Abstract:The proliferation of low-earth-orbit (LEO) satellite networks leads to the generation of vast volumes of remote sensing data which is traditionally transferred to the ground server for centralized processing, raising privacy and bandwidth concerns. Federated edge learning (FEEL), as a distributed machine learning approach, has the potential to address these challenges by sharing only model parameters instead of raw data.
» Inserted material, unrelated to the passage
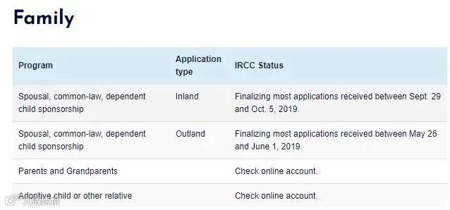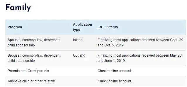 情况一(配偶移民,且在加拿大境内):正处理2019年9月29日至10月5日之间的申请。

Although promising, the dynamics of LEO networks, characterized by the high mobility of satellites and short ground-to-satellite link (GSL) duration, pose unique challenges for FEEL. Notably, frequent model transmission between the satellites and ground incurs prolonged waiting time and large transmission latency. This paper introduces a novel FEEL algorithm, named FEDMEGA, tailored to LEO mega-constellation networks. By integrating inter-satellite links (ISL) for intra-orbit model aggregation, the proposed algorithm significantly reduces the usage of low data rate and intermittent GSL. Our proposed method includes a ring all-reduce based intra-orbit aggregation mechanism, coupled with a network flow-based transmission scheme for global model aggregation, which enhances transmission efficiency. Theoretical convergence analysis is provided to characterize the algorithm performance. Extensive simulations show that our FEDMEGA algorithm outperforms existing satellite FEEL algorithms, exhibiting an approximate 30% improvement in convergence rate.